What do you do when a professional calls you and you need to take the call yet your child needs your urgent attention at the same time (I could list any number of things they could be doing here like smearing faeces, climbing in a bath of water fully clothed, feeding the fish a tub of sudacream, eating frozen food from the freezer or escaping out of a window or door)? What do you do when you HAVE to find the time to complete urgent paperwork but your eyes can barely stay open and your mind can not focus due to exhaustion? How do you explain to a child with very limited understanding that their routine needs to change to go to yet another hospital or clinic appointment? What do you do when one professional says one thing and another disagrees and you are caught in the middle? How do you cope when mealtimes make you cry because your child just won’t eat and the other one just won’t stop eating? How do you remain at peace when your child comes home from school wearing clothes for the opposite sex because yet again he has gone through four pairs of trousers in a school day even whilst wearing nappies?

Everyone wants a piece of me.

I am expected to turn up at meetings and act professionally even when at times my heart is breaking. Crying is meant to be reserved for the privacy of your own home and only makes professionals question your mental stability if seen in public.

I am expected to follow through programmes designed by professionals who think they know my child better than me and who think I have nothing to do other than run with their latest plan.

I am expected to answer phone calls and emails in a timely, professional manner as if working in an office environment while the washing machine is spinning in the background, the children have technology at full blast (what other volume is there?) and the window cleaner is knocking my door asking for money.

I am expected to turn up to the right appointment, at the right day and time, with the right child, focussed, prepared and calm with a child who is alert, receptive and willing to participate in whatever therapy they are having today. And all this with a smile on my face and an enthusiasm for the programme.

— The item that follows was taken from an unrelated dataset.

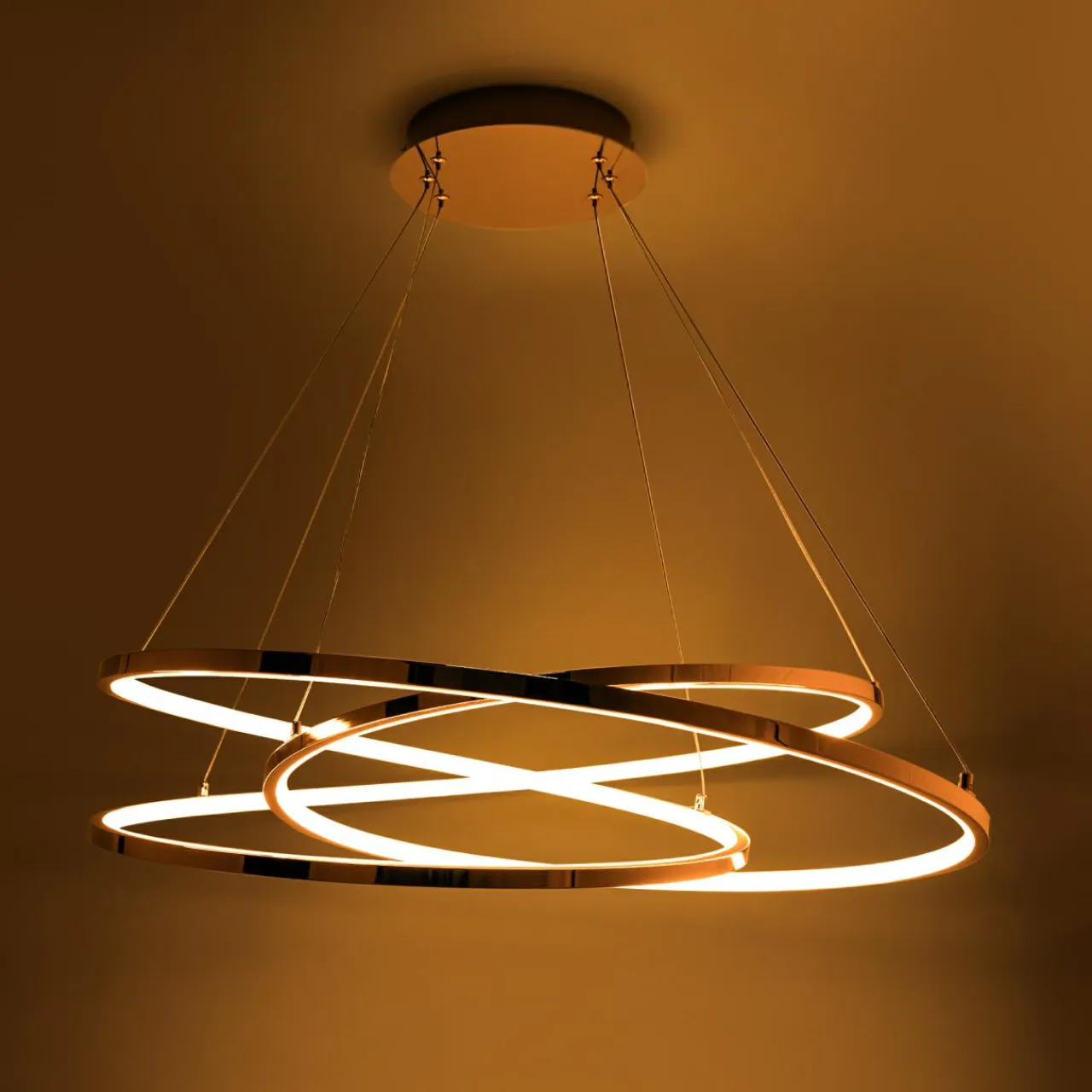 Zintegrowane z elementami dekoracyjnymi oświetlenie LED w lampie wiszącej CHOLET ma moc 60W oraz strumień świetlny rzędu 6600 lumenów.

I am expected to do homework with my children, take them to activities to ‘broaden their horizons and stimulate their interests’, give them a healthy diet and exercise, nurture their talents and spend quality time with them, when in reality we spend our evenings making chicken nuggets for tea again, watching the same programme on TV for the fiftieth time and coping with screaming children, toys and technology being thrown across the room and being physically attacked because I dared to run them a bath!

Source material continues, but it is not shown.